Despite ample oil wealth, several Middle Eastern counties, including Saudi Arabia, face an uncertain future as climate change threatens to undermine an already delicate ecological and agricultural balance.
Saudi agriculture is both surprisingly resilient and increasingly fragile. While the nation is primarily a desert, there are pockets of arable land suitable for agricultural production. In addition, the Saudi government has invested billions of dollars since the 1970s into modernizing the Saudi farm sector, creating a desert landscape pockmarked by clusters of verdant fields.
The massive efforts have produced tangible results. Saudi Arabia, whose temperatures regularly reach 100 degrees, became the sixth largest exporter of wheat in the 1990s after investing more than $85 billion.

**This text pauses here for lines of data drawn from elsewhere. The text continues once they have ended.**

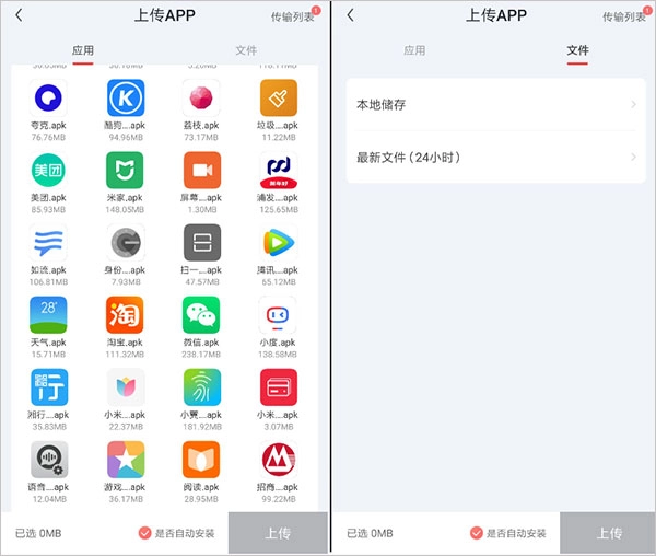 进入游戏上传功能界面后,红手指云手机会自动检测并展示手机内已有的APK文件,同时也支持上传其他格式的文件。操作时,先点击需上传的文件,勾选是否自动安装该文件,最后点击“上传”按钮即可。
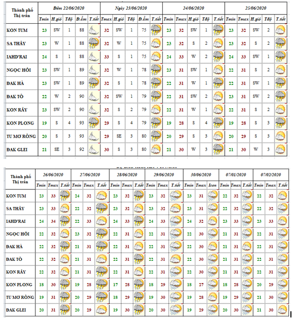 DỰ BÁO THỜI TIẾT TỈNH KON TUM ĐÊM 22 NGÀY 23 THÁNG 06 NĂM 2020
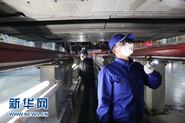 一同下到檢修道的楊碩提醒記者,在車(chē)底檢修的兩名小伙兒使用的手電筒可“大有玄機(jī)”。它在照明的同時(shí)還一直在錄像,相關(guān)資料會(huì)上傳到系統(tǒng)里,由電腦再次進(jìn)行智能檢測(cè)。
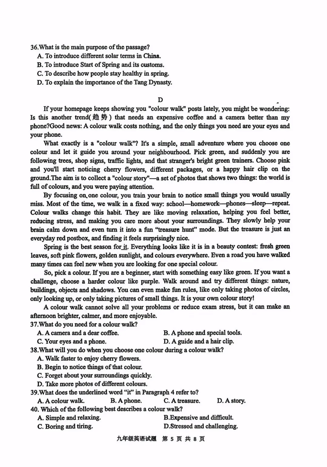 2026武珞路中学八下期中英语试卷

The agricultural advances, however, cannot last. While the country still has ample oil revenue, water supplies are dwindling and can no longer support massive agricultural projects. In 2008, the Saudis abandoned their focus on wheat production, hoping instead to use their water resources on more cost-efficient produce like fruits and vegetables.
The Saudi agricultural renaissance rested on a massive underground water reservoir, containing hundreds of millions of acre-feet of water. The agricultural projects in the Arabian Peninsula, however, have drained these reserves to about 1/5 of their capacity, with experts predicting that they will soon be empty.
The collapsing agricultural situation in Saudi Arabia is hardly isolated. Farmers across the globe are facing an increasingly hostile climate, limiting their ability to mass-produce certain crops. Without technological breakthroughs and a renewed emphasis on sustainable agriculture, many developing nations are likely to face food insecurity.